• _WHAT TO WORK ON_: Verbatim transcription with images omitted: return the entries below in full.

Stored data entries

....................

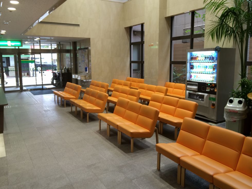 入り口から入って最初にオレンジ色のイスがあり会計待ちのイスです。奥にはブルーの診察待ちのイスもあります。(休日なので外来者のない時の写真撮影となっております)
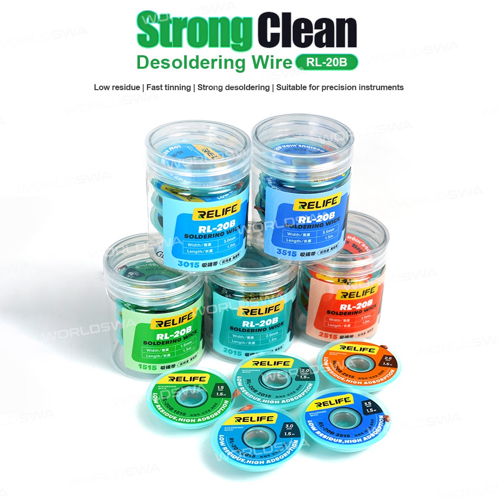 Relife RL-20B 1.5M Desoldering Wire - Strong, Fast, Low Residue Cleaning, 5Pcs
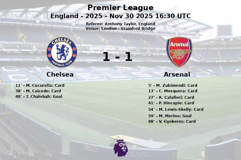 Londres, Inglaterra – Uma partida disputada entre Chelsea e Arsenal em Stamford Bridge terminou em um empate, deixando os torcedores na ponta dos assentos. O encontro, correspondente à 13ª rodada da Premier League, foi marcado pela intensidade e polêmica, com um total de sete cartões amarelos e um cartão vermelho mostrados pelo árbitro Anthony Taylor.
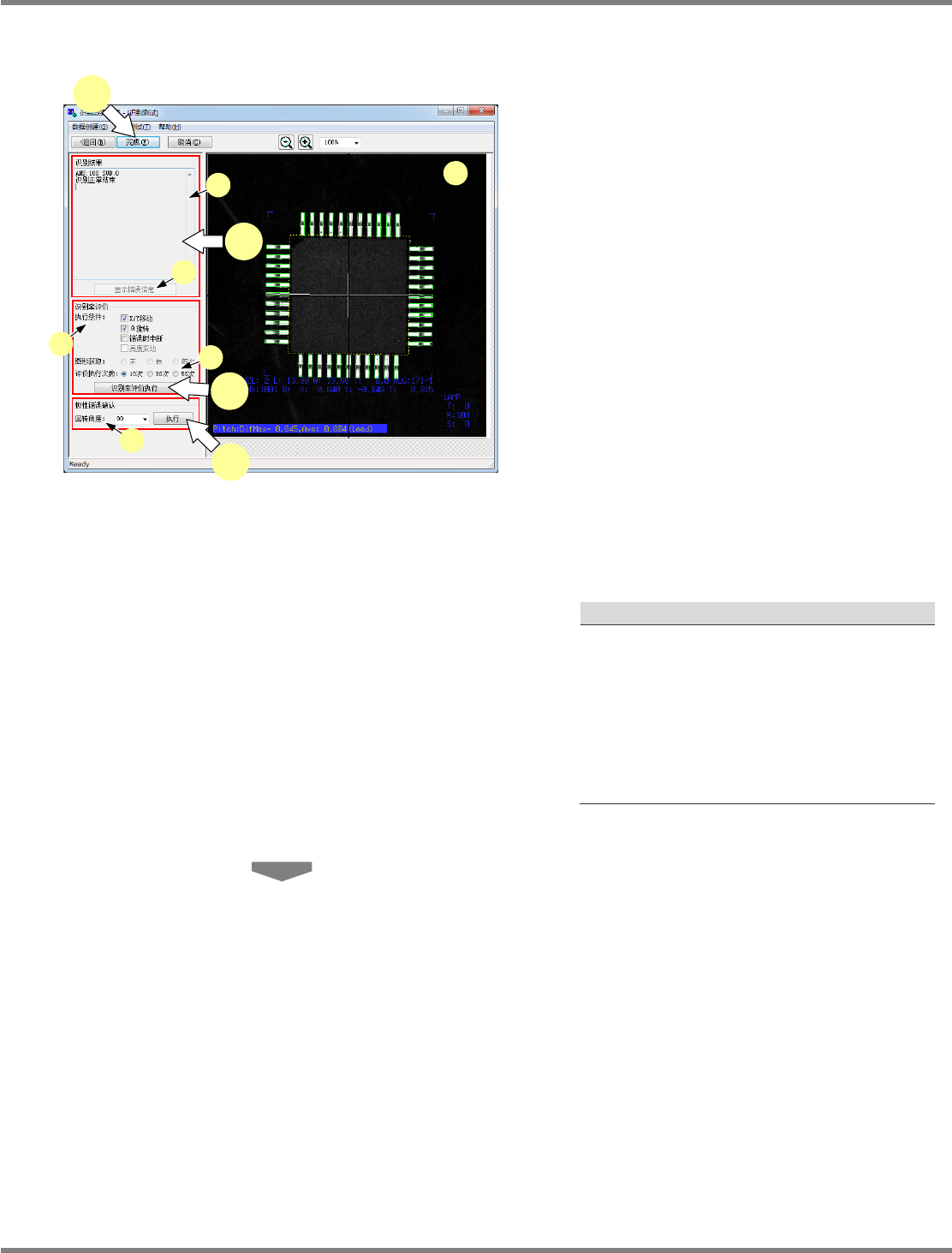 NPM-DGS 程序手册 11.4 用扫描设备制作识别选项数据的详情 Page 11-26 EJS9AC-MB-11P-11 3 针对需要确认极性的数据, 确认极性检 查是否正确动作。 极性错误确认 指定 f) 的 ‘ 回转角度 ’ 后点击 [ 执行 ] 。将在识 别结果中显示极性确认的执行结果。 当没有正确执行极性检查时, ANS 将为 100 以外的值。当 ANS 为 100 时,表示没有完 成极性判别, 这时请重新进行极性检查设定…
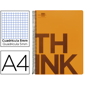 LIDERPAPEL - CUADERNO ESPIRAL A4 MICRO THINK TAPA PLASTICO 140H 80 GR CUADRO 5MM 5 BANDAS 4 TALADROS NARANJA (Ref.BA18)
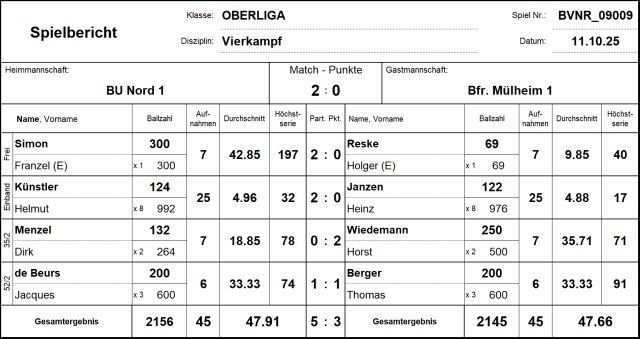 In der zweiten Spielrunde ließ Horst Wiedemann im Cadre 35/2 seinem Gegner Dirk Menzel keine Chance, er gewann sicher mit 250:132 in sieben Aufnahmen. Das spannenste Spiel des Tages lieferten Jacques de Beurs und Thomas Berger. Nach vier Aufnahmen führte Jacques bereits mit 172:75, doch dann brauchte Thomas nur noch zwei Aufnahmen, um mit Serien von 34 und 91 die Partie auszustoßen. Beim Stand von 200:173 hatte Jacques dann Nachstoß. Er machte die noch fehlenden 27 Punkte zum 200:200-Unentschieden, das den 5:3-Sieg für unser Oberliga-Team bedeutete. Damit löste unser Team Mülheim vorerst als Tabellenführer ab. Die Tabelle ist aber wegen unterschiedlicher Anzahl von Spielen noch „schief“, nach dem Doppelspieltag am 22. und 23. November wird das Bild dann wahrscheinlich schon etwas klarer.
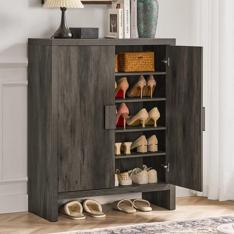 Spacious Storage: This 41" tall shoe cabinet offers 5-tier storage, accommodating up to 24 pairs of shoes, with three adjustable shelves for various footwear like heels, boots, and sneakers. Elegant Design: Featuring a toasted black finish and classic woodgrain panels, this vintage-inspired cabinet seamlessly blends into entryways, living rooms, or bedrooms. Robust Construction: Crafted with 1.5" thick woodgrain panels and steel hinges, ensuring a sturdy and durable structure with a substantial vintage aesthetic. Thoughtful Features: Includes an anti-tip kit for safety, floor protective pads, a breathable mesh back for airflow, and durable stainless steel hinges for smooth operation. Versatile Organization: The top surface provides space for keys and bags, while an open base offers convenient storage for daily-use shoes. Effortless Assembly: Setup is streamlined with clearly numbered parts, a detailed manual, and a step-by-step video guide, recommending two people for easier assembly. SOC-136-BK-80
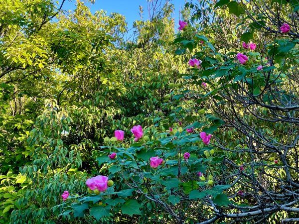 芙蓉の花が鮮やかに咲き誇り、そろそろ見納めになりそうです。
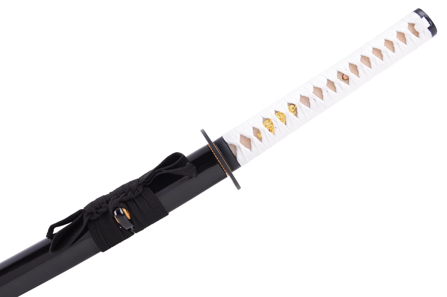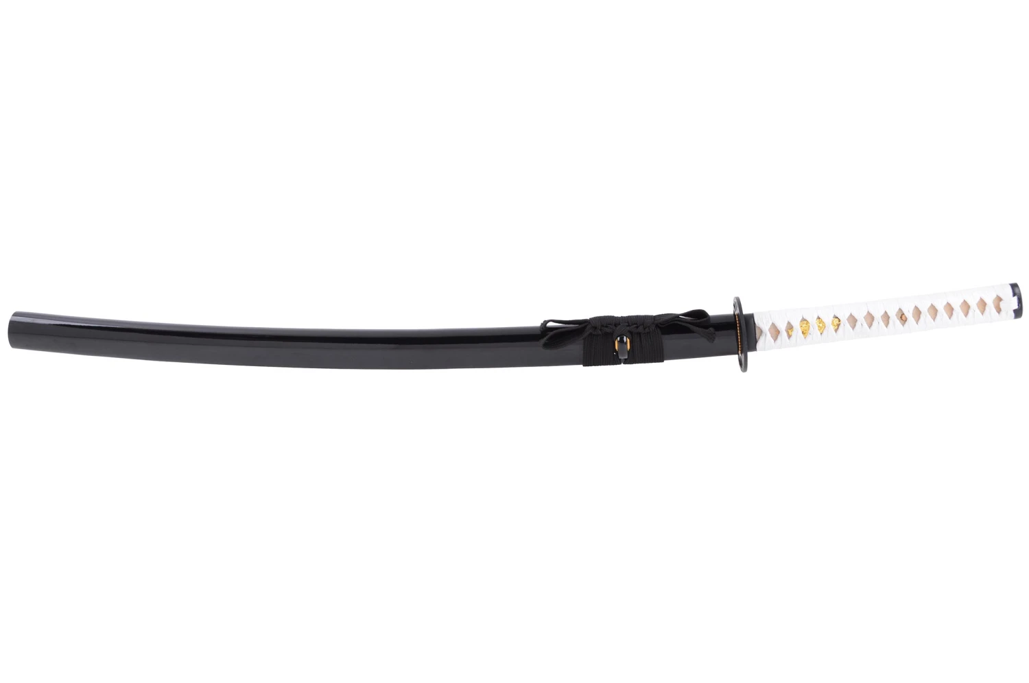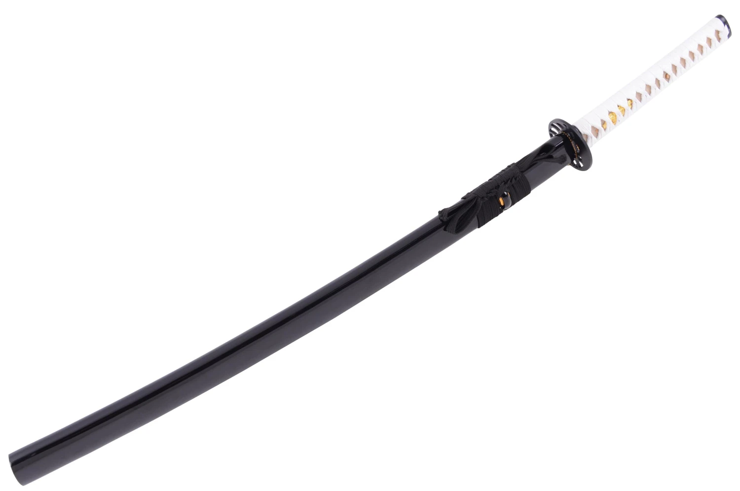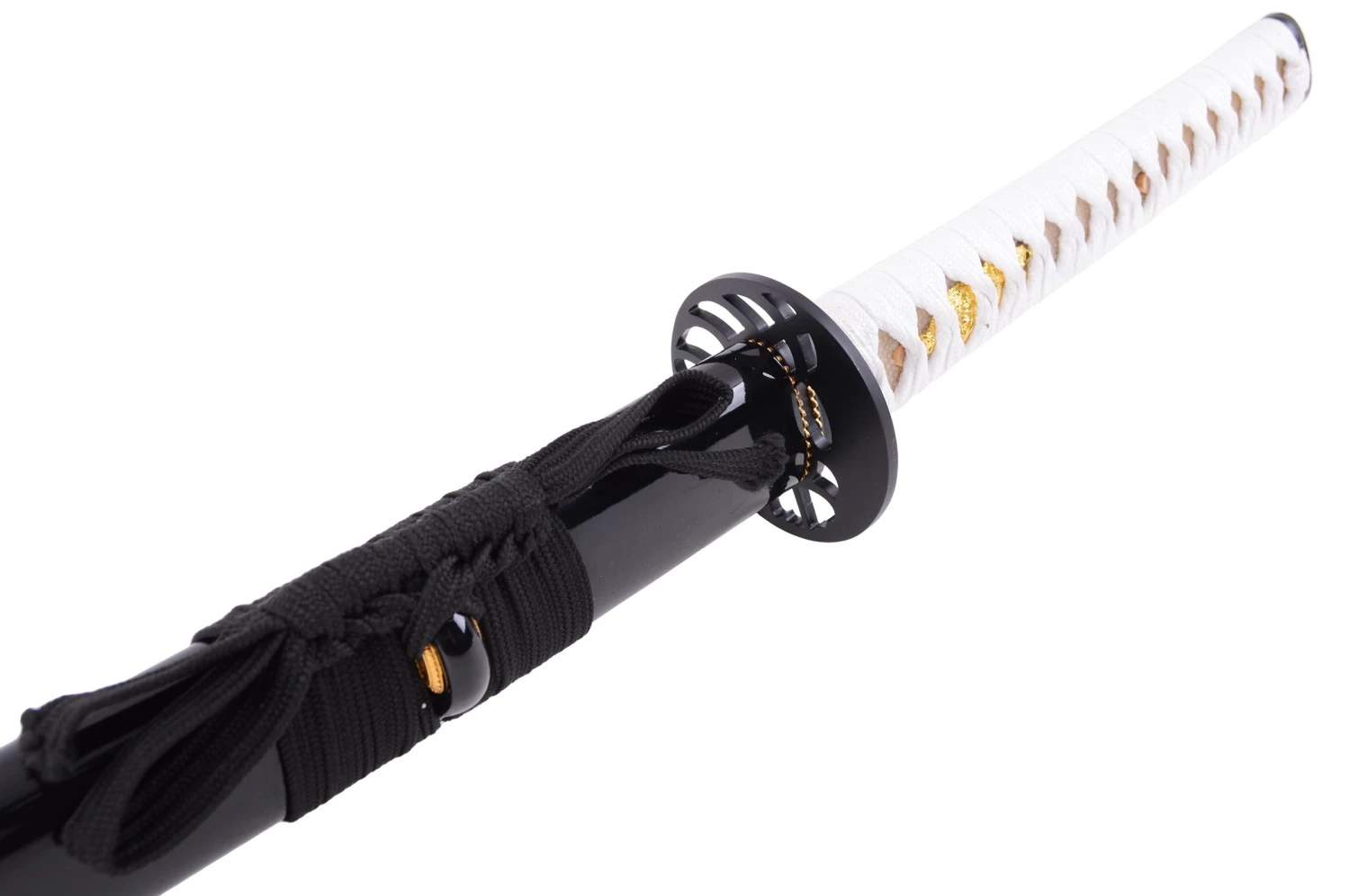 Ce katana possède une lame à gorge aiguisée, un manche tressé blanc avec en-dessous un tissu en peau de raie beige sur lequel est fixé un Komainu doré (Lion gardien issu de la culture japonaise), une garde (Tsuba) noire sculptée en forme d’ailes d’oiseaux et un magnifique fourreau (Saya) en bois laqué noir.

....................

• _REPLY TO THE EXERCISE_:
 入り口から入って最初にオレンジ色のイスがあり会計待ちのイスです。奥にはブルーの診察待ちのイスもあります。(休日なので外来者のない時の写真撮影となっております)
 Relife RL-20B 1.5M Desoldering Wire - Strong, Fast, Low Residue Cleaning, 5Pcs
 Londres, Inglaterra – Uma partida disputada entre Chelsea e Arsenal em Stamford Bridge terminou em um empate, deixando os torcedores na ponta dos assentos. O encontro, correspondente à 13ª rodada da Premier League, foi marcado pela intensidade e polêmica, com um total de sete cartões amarelos e um cartão vermelho mostrados pelo árbitro Anthony Taylor.
 NPM-DGS 程序手册 11.4 用扫描设备制作识别选项数据的详情 Page 11-26 EJS9AC-MB-11P-11 3 针对需要确认极性的数据, 确认极性检 查是否正确动作。 极性错误确认 指定 f) 的 ‘ 回转角度 ’ 后点击 [ 执行 ] 。将在识 别结果中显示极性确认的执行结果。 当没有正确执行极性检查时, ANS 将为 100 以外的值。当 ANS 为 100 时,表示没有完 成极性判别, 这时请重新进行极性检查设定…
 LIDERPAPEL - CUADERNO ESPIRAL A4 MICRO THINK TAPA PLASTICO 140H 80 GR CUADRO 5MM 5 BANDAS 4 TALADROS NARANJA (Ref.BA18)
 In der zweiten Spielrunde ließ Horst Wiedemann im Cadre 35/2 seinem Gegner Dirk Menzel keine Chance, er gewann sicher mit 250:132 in sieben Aufnahmen. Das spannenste Spiel des Tages lieferten Jacques de Beurs und Thomas Berger. Nach vier Aufnahmen führte Jacques bereits mit 172:75, doch dann brauchte Thomas nur noch zwei Aufnahmen, um mit Serien von 34 und 91 die Partie auszustoßen. Beim Stand von 200:173 hatte Jacques dann Nachstoß. Er machte die noch fehlenden 27 Punkte zum 200:200-Unentschieden, das den 5:3-Sieg für unser Oberliga-Team bedeutete. Damit löste unser Team Mülheim vorerst als Tabellenführer ab. Die Tabelle ist aber wegen unterschiedlicher Anzahl von Spielen noch „schief“, nach dem Doppelspieltag am 22. und 23. November wird das Bild dann wahrscheinlich schon etwas klarer.
 Spacious Storage: This 41" tall shoe cabinet offers 5-tier storage, accommodating up to 24 pairs of shoes, with three adjustable shelves for various footwear like heels, boots, and sneakers. Elegant Design: Featuring a toasted black finish and classic woodgrain panels, this vintage-inspired cabinet seamlessly blends into entryways, living rooms, or bedrooms. Robust Construction: Crafted with 1.5" thick woodgrain panels and steel hinges, ensuring a sturdy and durable structure with a substantial vintage aesthetic. Thoughtful Features: Includes an anti-tip kit for safety, floor protective pads, a breathable mesh back for airflow, and durable stainless steel hinges for smooth operation. Versatile Organization: The top surface provides space for keys and bags, while an open base offers convenient storage for daily-use shoes. Effortless Assembly: Setup is streamlined with clearly numbered parts, a detailed manual, and a step-by-step video guide, recommending two people for easier assembly. SOC-136-BK-80
 芙蓉の花が鮮やかに咲き誇り、そろそろ見納めになりそうです。
 Ce katana possède une lame à gorge aiguisée, un manche tressé blanc avec en-dessous un tissu en peau de raie beige sur lequel est fixé un Komainu doré (Lion gardien issu de la culture japonaise), une garde (Tsuba) noire sculptée en forme d’ailes d’oiseaux et un magnifique fourreau (Saya) en bois laqué noir.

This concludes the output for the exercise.